# Question about lateral law exam



## dave2886 (Jul 19, 2006)

Hey guys, I'm in the process of getting hired from out-of-state. I've already received a favorable Advisory Letter from MPTC. My point of contact at the agency I'm applying to has sent me a small booklet and told me that this is the only material I will be tested on when I take the law exam. Are there any prior out-of-state laterals out there who can tell me what to expect on the law exam? Is the test going to be asking me to match statutes with their numbers, have me apply the appropriate statute to a scenario, ask me about court cases, constitutional law, what? Is it tough, or nothing to worry about? Any light shed on this exam would be much appreciated.


----------



## Inspector (Nov 13, 2006)

This is not legit...Every lawyer knows the rules, dates (they are standardized nationwide) etc. Perhaps this is the bait...Okay...MPTC is Training Council....So this guy wants to teach at an acadmey, or be a Mass. cop..now it makes sense...Sorry...One gets very suspicious with some of these posts.


----------



## dave2886 (Jul 19, 2006)

Inspector said:


> This is not legit...Every lawyer knows the rules, dates (they are standardized nationwide) etc. Perhaps this is the bait...Okay...MPTC is Training Council....So this guy wants to teach at an acadmey, or be a Mass. cop..now it makes sense...Sorry...One gets very suspicious with some of these posts.


Dude, WTF???? I'm not asking anyone to give me answers to the test, or anything unethical or illegal. I'm simply asking for an idea of what to expect of the exam, if I even get to that point.
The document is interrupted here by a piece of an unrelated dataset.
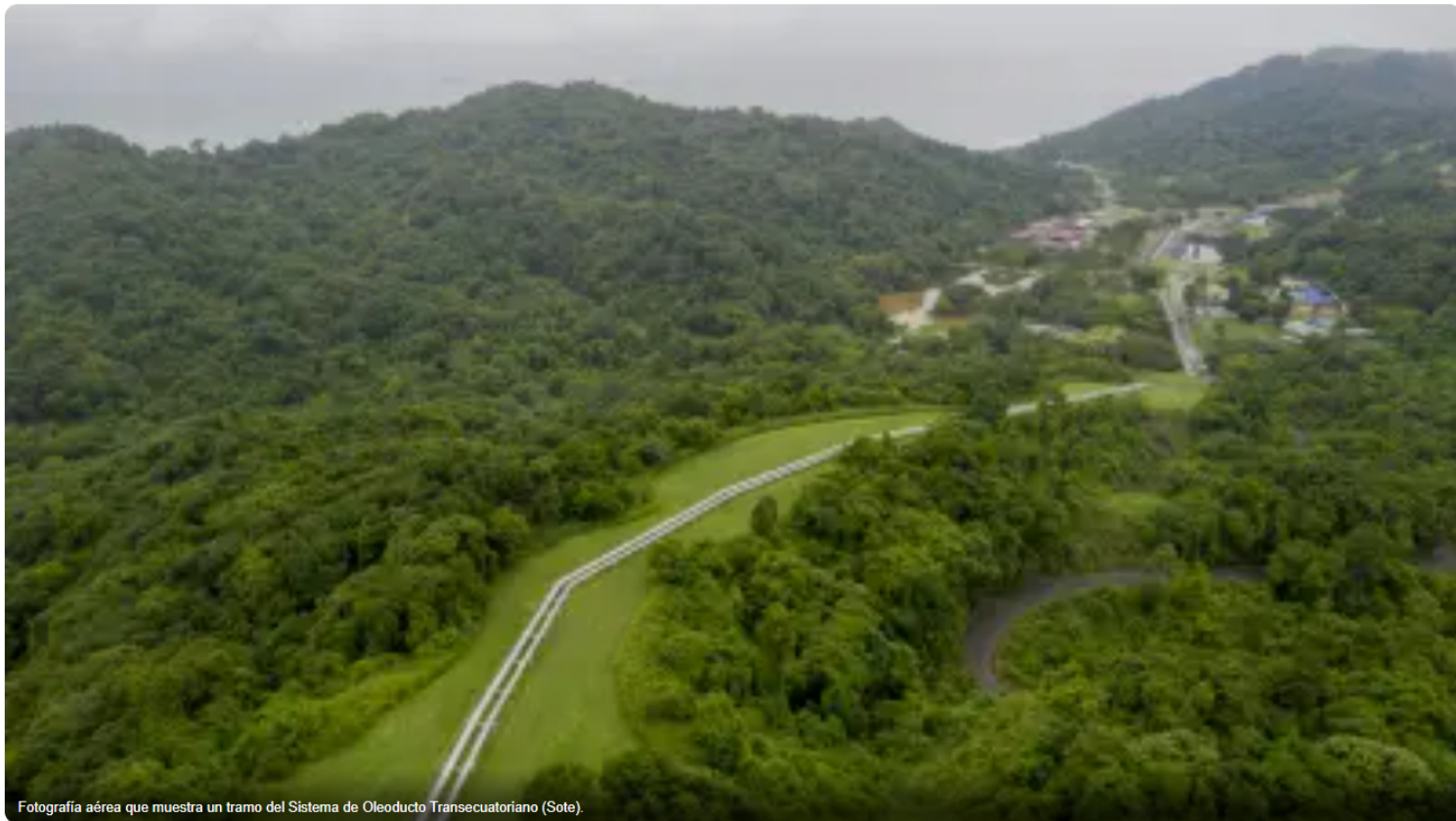
Fotografía aérea que muestra un tramo del Sistema de Oleoducto Transecuatoriano (Sote).

La ministra Inés Manzano indicó que Ecuador le está dando "un servicio importantísimo" a Ecopetrol al transportar el petróleo por el Sote, en medio de la guerra arancelario entre ambos países.

I am a cop in NC, trying to move back home. MPTC has already reviewed my training records and granted me a favorable Advisory Letter. The agency I am applying to is reviewing my packet to decide if they want to pursue hiring me. The recruiter up there told me that I'll have to pass a law exam if I'm hired, and he sent me a reference guide. All I want to know is if there's anything else I should read, and what I should concentrate on for this exam. What's the problem? Perhaps I wasn't clear enough the first time around, but holy crap!


----------



## Guest (Jan 12, 2007)

http://www.commonwealthpolice.net/cpsnav05.html


----------



## Dpd333 (Mar 8, 2006)

I know someone who did just what your doing. He was from N.C. as well. He said test wasn't bad but that was 5 plus years ago. He said the hard part is getting a police chief to make the request for a waiver , but sounds like you got that covered.


----------



## Inspector (Nov 13, 2006)

Sorry, misunderstood your post. I thought initially you were talking about the Bar Exam


----------



## dave2886 (Jul 19, 2006)

Dpd333 said:


> I know someone who did just what your doing. He was from N.C. as well. He said test wasn't bad but that was 5 plus years ago. He said the hard part is getting a police chief to make the request for a waiver , but sounds like you got that covered.


Well, they haven't decided to hire me yet, but if they decide to, they've already told me they'll make the waiver request. Keeping my fingers crossed!

Inspector, no sweat, no hard feelings.



Delta784 said:


> http://www.commonwealthpolice.net/cpsnav05.html


Thanks! Anyone got a used study guide they want to sell? :mrgreen:


----------



## secret squirrel (Oct 1, 2006)

a co-worker of mine came from NYPD a couple of years ago. He took the lateral test and said it wasn't too dificult.....he scored in the 80's without too much concern.

if i had to guess and again this is only an educated guess......i would lean towards scenario type questions. going back few years....maybe a few too many but when i was in the academy in 96.....they were big on scenarios and applying the correct statute. 

good luck hope this helps, if i see the other officer, i will ask him about the test.


----------



## dave2886 (Jul 19, 2006)

secret squirrel said:


> ...if i see the other officer, i will ask him about the test.


 Cool, I'd appreciate it!


----------



## 94c (Oct 21, 2005)

scroll through crimes and punishments. you'll recognize the crimes (just worded differently maybe.) Take a peak at Ch.276 and for the motor vehicle stuff, Chapter 89 and 90. Don't forget Chapter 209A which deals with domestics.

http://www.mass.gov/legis/laws/mgl/gl-pt4-toc.htm


----------



## secret squirrel (Oct 1, 2006)

Dave

i talked to my co-worker. he said there were some questions related to "what is the greatest action you could take in a given situation". arrest, summons, no action etc.

he said the only mention of chapter and section was given in the question. ex) according to Mass Gen Law ch 265 s13 bla bla bla....

he also said that it was all multiple choice. 
good luck


----------



## dave2886 (Jul 19, 2006)

secret squirrel said:


> Dave
> 
> i talked to my co-worker. he said there were some questions related to "what is the greatest action you could take in a given situation". arrest, summons, no action etc.
> 
> ...


Thanks a lot for taking the time to find that out for me--I appreciate it, and tell your buddy I said thanks too.

Dave


----------